Are EU universities as of 2019 more dependent on external funding than 20 or 40 years ago? Is there any EU policy on increasing external private funds and reducing public funding?
-
2I think this is country dependent, each EU country has their own funding system. For example there are major differences between the British isles and continental western Europe. Also external funding is not the same as private funding: getting a grant from a public funding body is external funding.– ErwanFeb 20, 2019 at 0:54
2 Answers
They are more dependent alone due to the fact that the EU spends steadily increasing sums on research over the last decades. See the table on wikipedia.
FP9 or Horizon Europe will be around 100 billion, so another increase.

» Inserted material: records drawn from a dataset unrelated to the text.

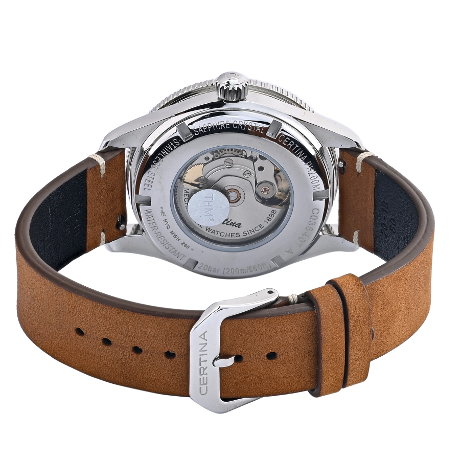 Khả năng chịu nước trên Certina C036.407.16.040.00 lên đến 20ATM nhờ vào thiết kế DS độc quyền của Certina.
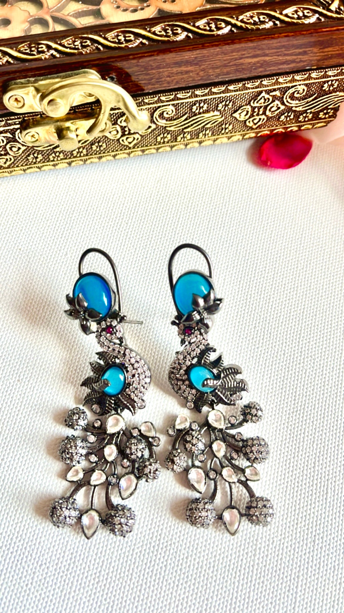 Unleash your inner glam with our Blue Mohini Earrings. Adorned with stones, these earrings are perfect for parties and festive occasions. Elevate your style and make a statement with these stunning earrings.
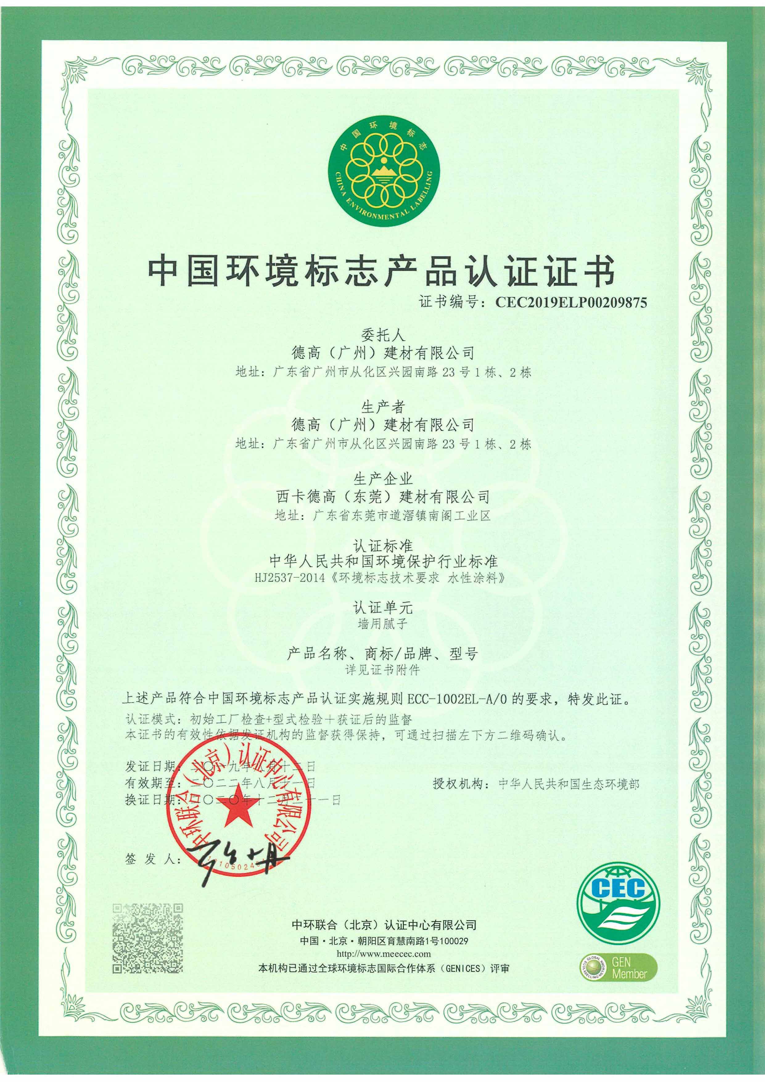 【概要描述】十環證書-東莞工廠-墻用膩子
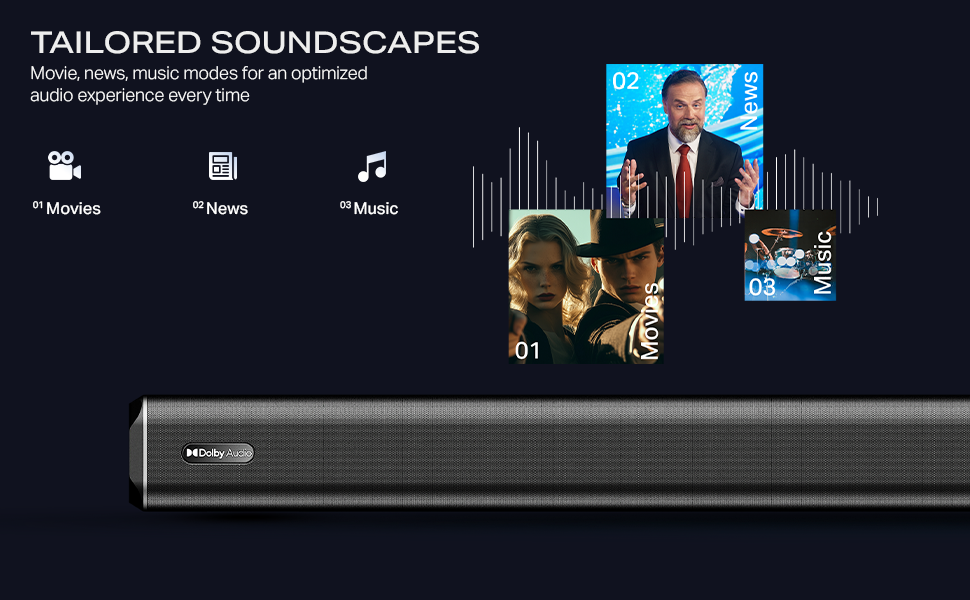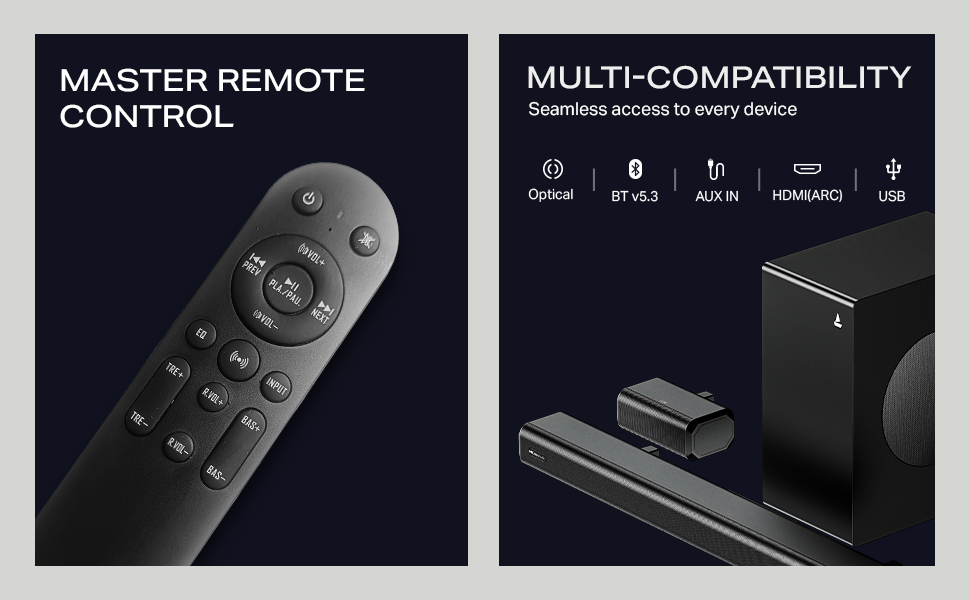 - Bluetooth v5.3, HDMI(ARC), USB, AUX, Optical
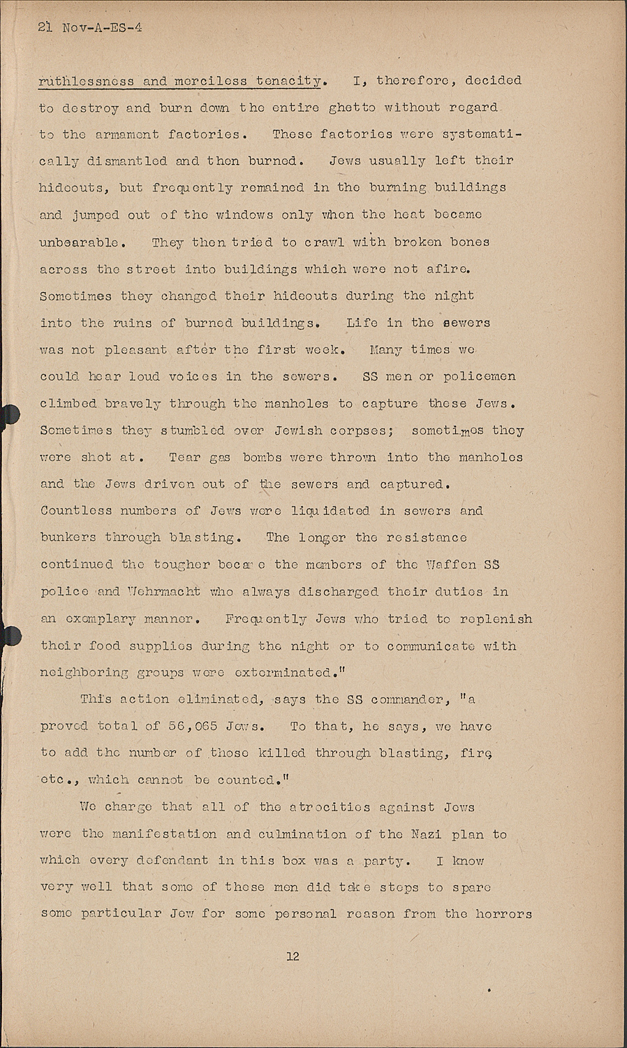 I shall not dwell on this subject longer than to quote one more sickening document which evidences the planned and systematic character of these Jewish persecutions. I hold an original report written with Teutonic thoroughness as to detail, illustrated with photographs to authenticate its almost incredible text, and beautifully bound in leather with the loving care bestowed to a proud work. It is the original report of the SS Brigade General Stroop in charge of the destruction of the Warsaw Ghetto, and Hans Frank was Governor General of Poland. Its title page carries the inscription, "The Jewish Ghetto in Warsaw no longer exists."

Also, just google "brexit universities britain eu funding alarm" to get some thousand articles/comments how dependent british universities are on EU funding.

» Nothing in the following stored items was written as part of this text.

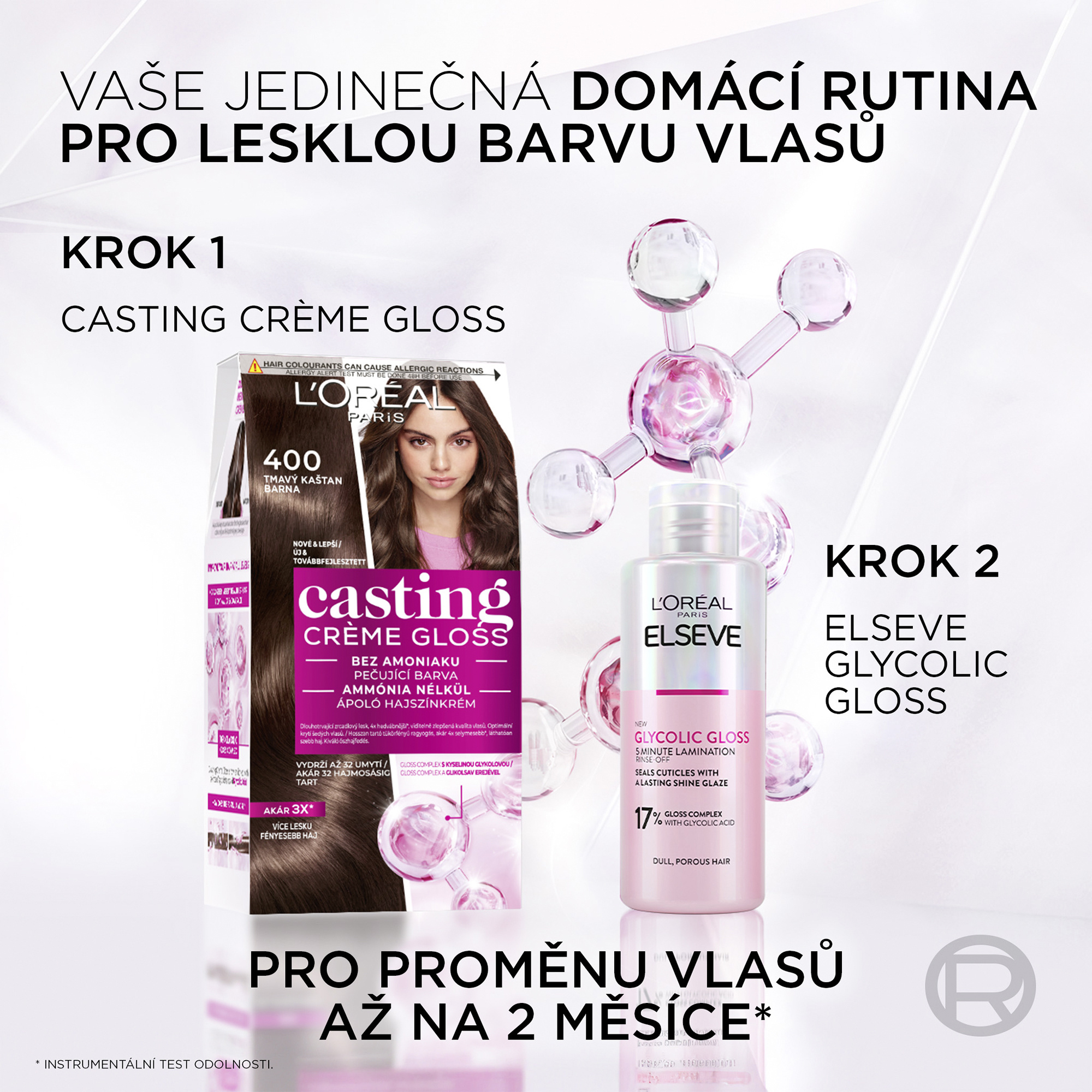 VAROVNÝ TEST NA ALERGII musí být proveden 48 HODIN před každou aplikací tohoto produktu, neboť alergie se může rozvinout náhle i po předcházející bezproblémové aplikaci tohoto nebo jiného přípravku k barvení vlasů. Nezapomeňte si koupit barvu na vlasy se 48 hodinovým předstihem (Postupujte podle instrukcí v příbalovém letáku). V případě jakékoli reakce nebo pochyb konzultujte s lékařem před opětovným barvením jakýmkoli produktem. Oxidační činidlo obsahuje: peroxid vodíku. Používejte vhodné rukavice, které jsou součástí produktu. Vyhněte se kontaktu produktu s očima, ušima a obličejem. Nepoužívejte k barvení řas a obočí. Při zasažení očí okamžitě vypláchněte důkladně vodou. Po aplikaci produktů vlasy důkladně opláchněte. Po trvalé nebo dlouhodobém narovnávání vlasů vyčkejte minimálně 2 týdny před aplikací produktu. Nepoužívejte na vlasy barvené hennou a přímými barvami. Uchovávejte mimo dosah dětí.
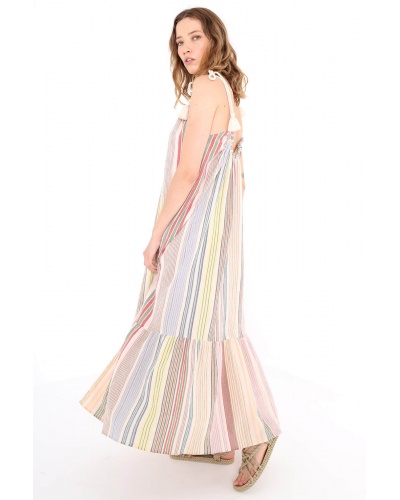 Let yourself be seduced by our Andreza dress, its soft stripes and its large flounce make it a delicate and summery piece. The straps to be tied allow you to adjust the height of the dress and its neckline according to your desires.
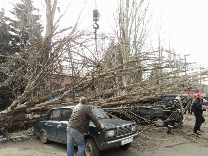 Старое дерево рухнуло на автомобили, стоявшие на неохраняемой стоянке по улице Маяковского в г. Дзержинске Донецкой области. Об этом сообщили в Управлении Госслужбы по чрезвычайным ситуациям в Донецкой области.
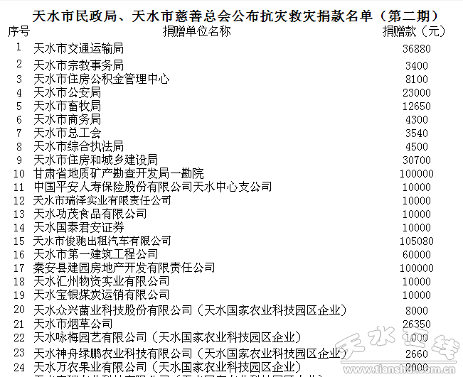 天水市民政局、慈善總會抗災(zāi)救災(zāi)捐款名單(第二期)

My qualitative answer is based on my experience in France, I don't know if it applies to other countries. I would think it's similar for Germany, Spain and Italy at least but I'm not sure to what extent. The EU has a large research and innovation budget (currently H2020), but as far as I know every EU country is free to choose their research policy (and the amount of public spending) at the national level.

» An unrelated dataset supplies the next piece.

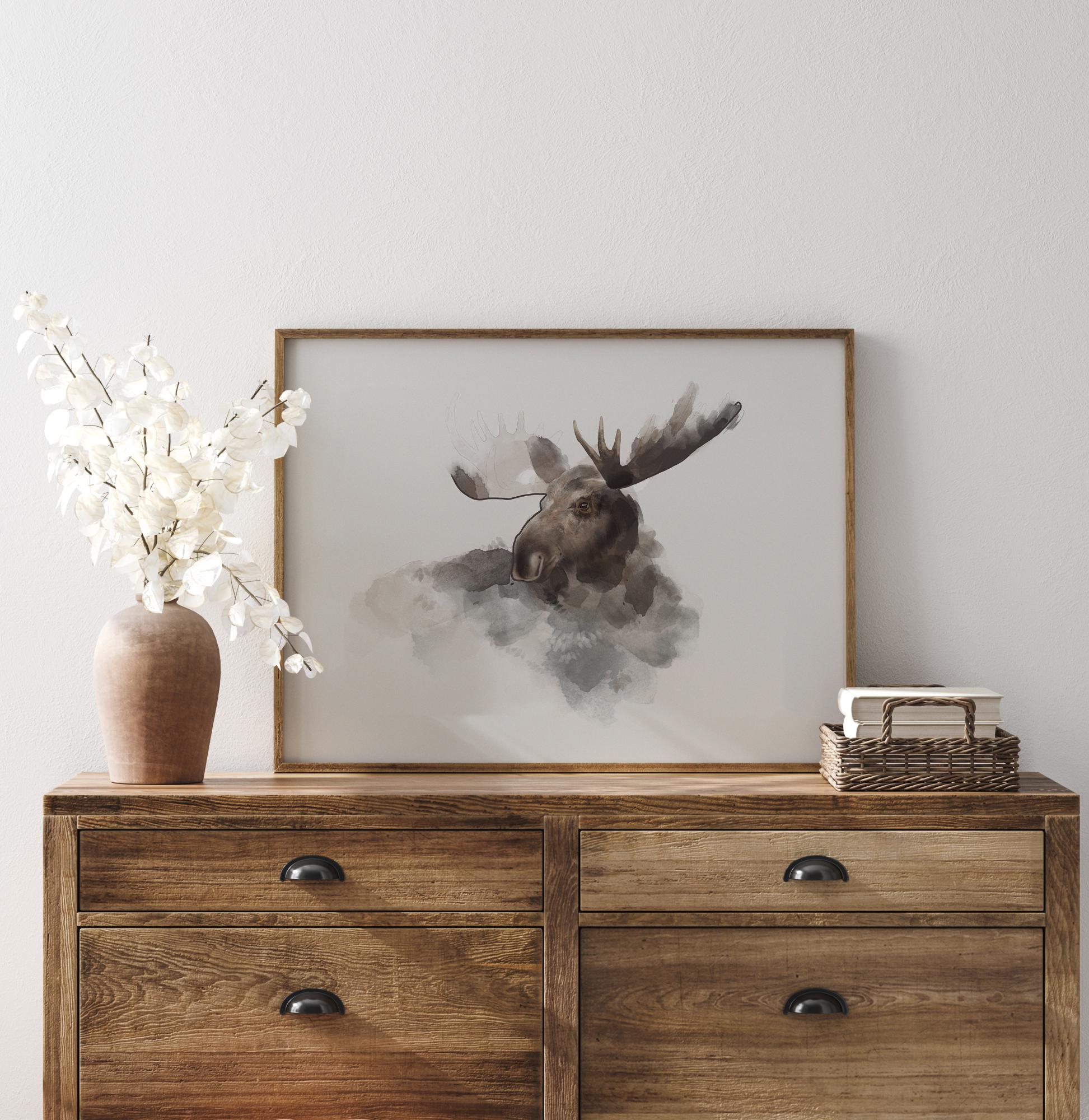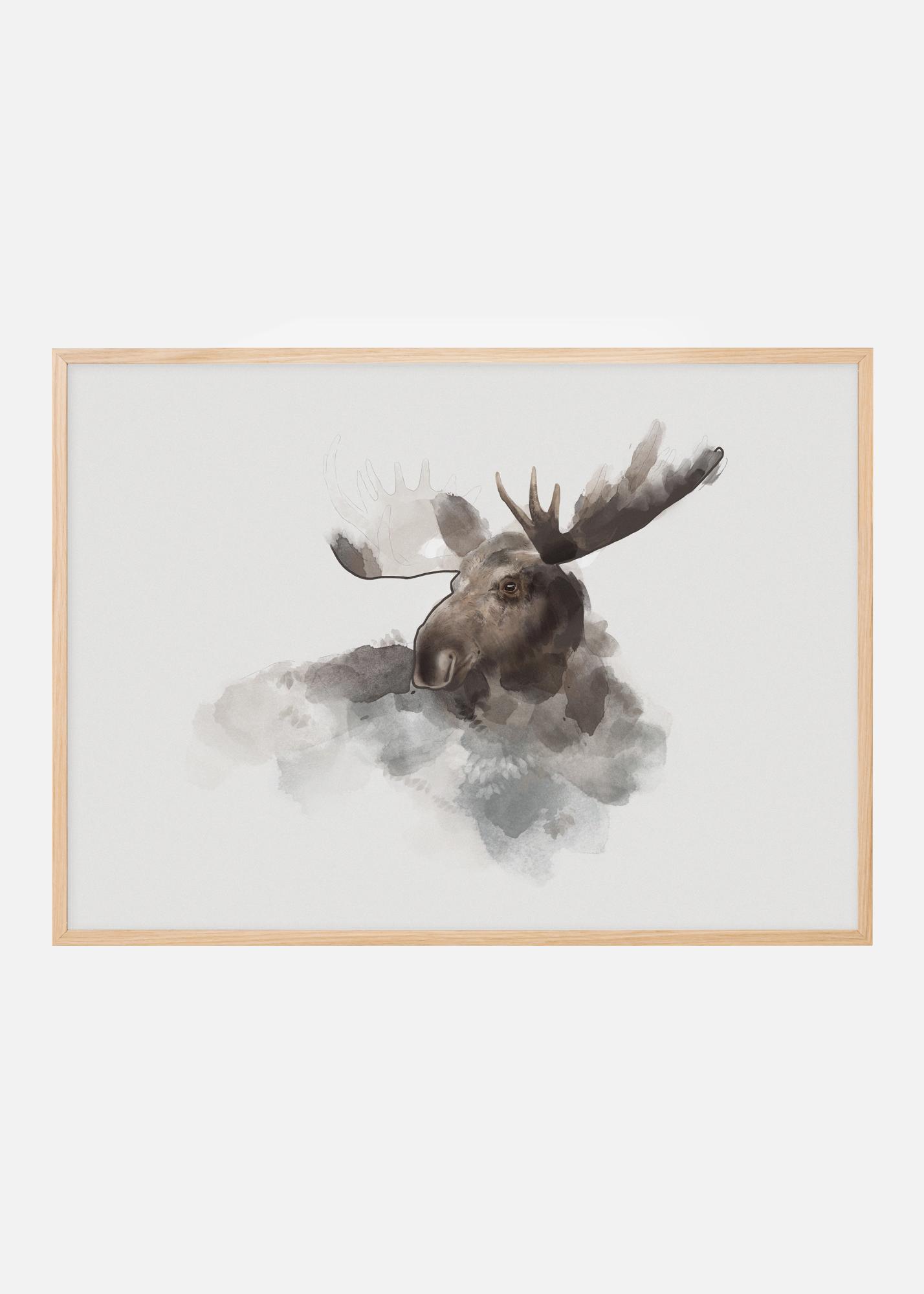 Akvarellplakat põdra peaga. Õrnad pintslitõmbed loovad järk-järgult põdra näo, tema sarved pole veel täielikult vormitud. Riputage see pilvetaoline pilt neutraalsele seinale, et säilitada oma kodu pehme elegants.

The evolution in the past 20 years is indeed quite clearly in the direction of less recurrent funding and more external funding. The major change in France was the creation of the ANR in 2005, a public funding body intended to offer grants to research teams in a project-driven and competitive way. There have been various other structural changes which affected how research is funded, in particular temporary junior positions (PhD students and postdocs) which often depend on external funding nowadays. An observable consequence of this trend is that most researchers spend a significant part of their time applying for grants, whereas this was very rare 20 years ago in most universities.
Collaborations with the private sector are also encouraged, but this is also largely funded by public money (in particular with CIR (fr) a controversial tax cut for companies to invest in research and development).